* YOUR GOAL:
The answer must be an exact copy of the lines from the one with "如今,唐小杰学习糖画已经20" through the final line of the records below, with no pictures.

[Source records]
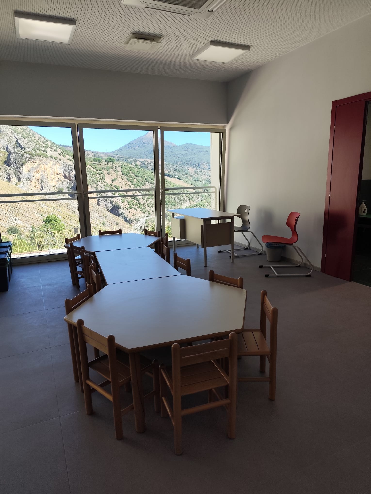 Attorno all’agorà si sviluppano le aule modulari, i laboratori, gli spazi per gli insegnanti, i servizi, la mensa comune – concepita anch’essa come laboratorio didattico – e la biblioteca diffusa, pensata non come luogo chiuso, ma come sistema aperto e permeabile, con postazioni di lettura e studio individuale o in piccoli gruppi. Tutti gli ambienti sono dotati di arredi flessibili e integrano soluzioni per il comfort acustico, visivo e climatico.
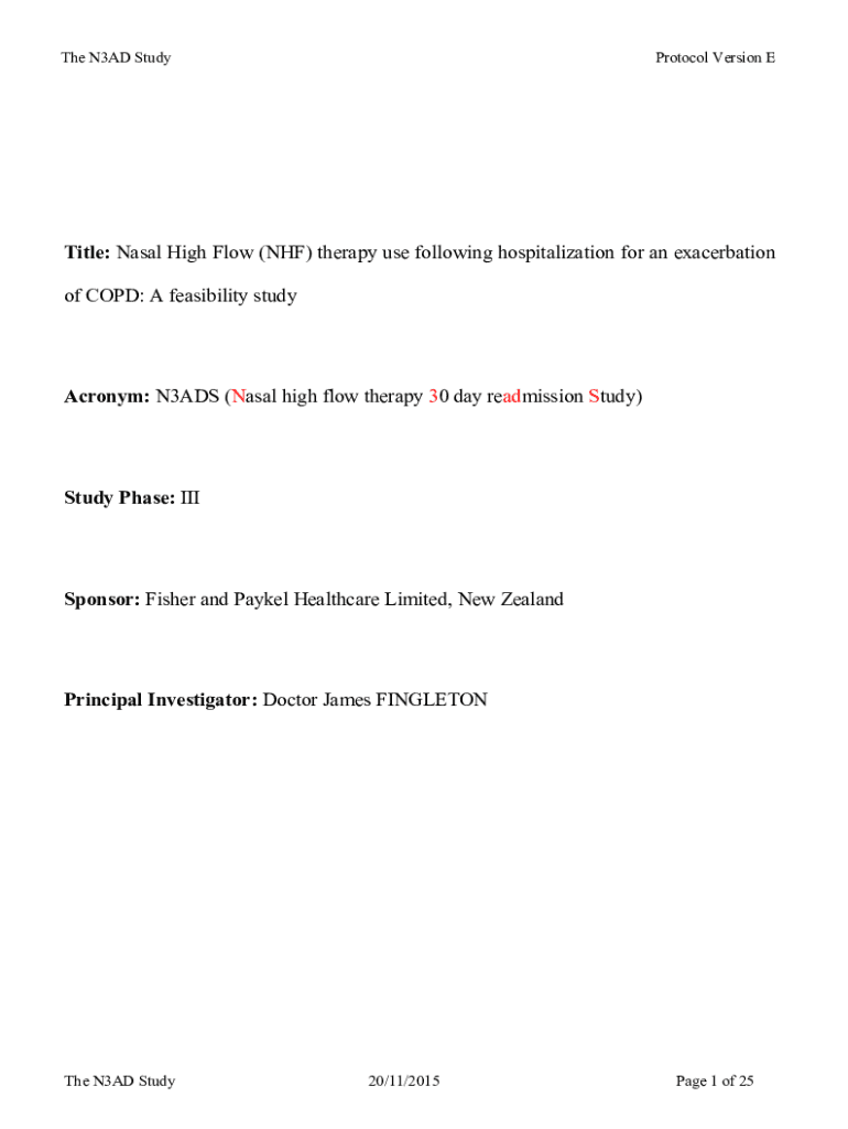 The N3AD StudyProtocol Version Title: Nasal High Flow (NHF) therapy use following hospitalization for an exacerbation
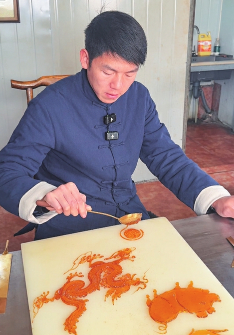 如今,唐小杰学习糖画已经20年有余,硬件也从常见的小货、小件、平面糖画,逐步发展成传统图案、大件、立体糖画,更在2018年成立了自己的工作室,他立志要将糖画这一中国传统文化发扬光大。
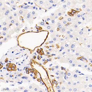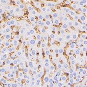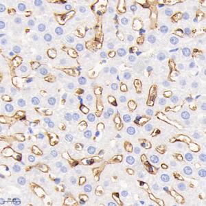IHC检测Aquaporin 1蛋白(货号 YB11321-1). 样品: 小鼠肝, 4%多聚甲醛 (货号Y1112) 固定12-24小时. 抗原修复: 柠檬酸抗原修复液(干粉, pH 6.0) (Y1212), 98℃, 20分钟. —抗: 1: 900稀释, 4℃ 孵育过夜. 二抗: HRP标记山羊抗兔IgG (H+L) (货号YB23314), 1: 200稀释, 室温孵育1小时. |
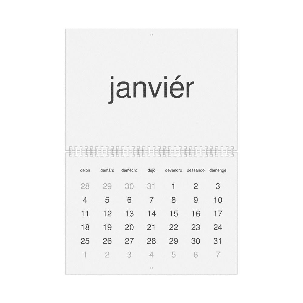 - Franco-Provençal heritage speakers and cultural connectors - For individuals seeking to maintain a connection to their history, ancestral roots, or the culture associated with the Franco-Provençal language, the calendar serves as a daily cultural marker. Use it in your home, office, library, or museum as a link to linguistic and cultural identity that integrates Franco-Provençal into your everyday life. Familiar language script and naming conventions may also provide a sense of home in a foreign environment.
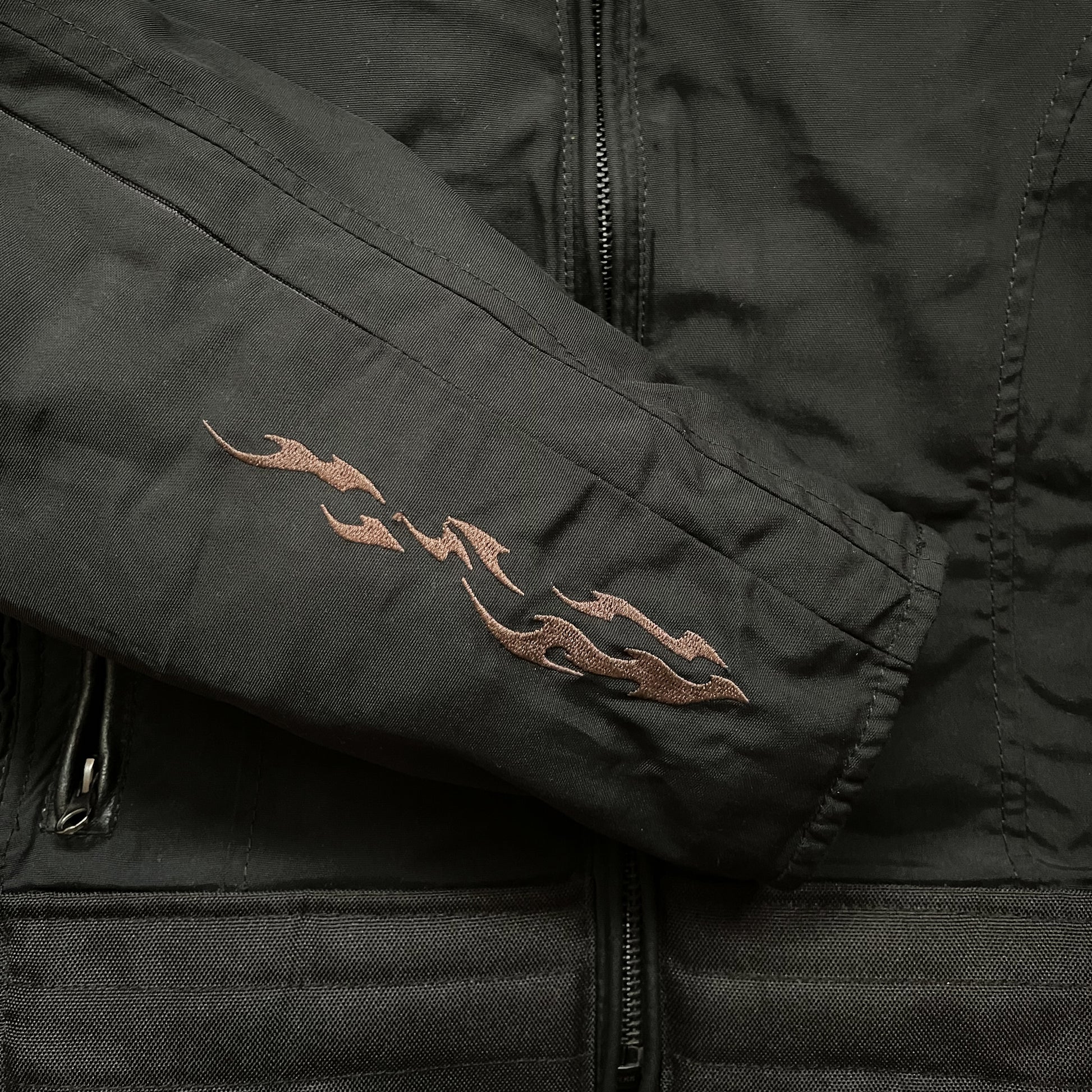- Flame embroidery on wrists

* RESPONSE AREA:
 如今,唐小杰学习糖画已经20年有余,硬件也从常见的小货、小件、平面糖画,逐步发展成传统图案、大件、立体糖画,更在2018年成立了自己的工作室,他立志要将糖画这一中国传统文化发扬光大。
IHC检测Aquaporin 1蛋白(货号 YB11321-1). 样品: 小鼠肝, 4%多聚甲醛 (货号Y1112) 固定12-24小时. 抗原修复: 柠檬酸抗原修复液(干粉, pH 6.0) (Y1212), 98℃, 20分钟. —抗: 1: 900稀释, 4℃ 孵育过夜. 二抗: HRP标记山羊抗兔IgG (H+L) (货号YB23314), 1: 200稀释, 室温孵育1小时. |
 - Franco-Provençal heritage speakers and cultural connectors - For individuals seeking to maintain a connection to their history, ancestral roots, or the culture associated with the Franco-Provençal language, the calendar serves as a daily cultural marker. Use it in your home, office, library, or museum as a link to linguistic and cultural identity that integrates Franco-Provençal into your everyday life. Familiar language script and naming conventions may also provide a sense of home in a foreign environment.
- Flame embroidery on wrists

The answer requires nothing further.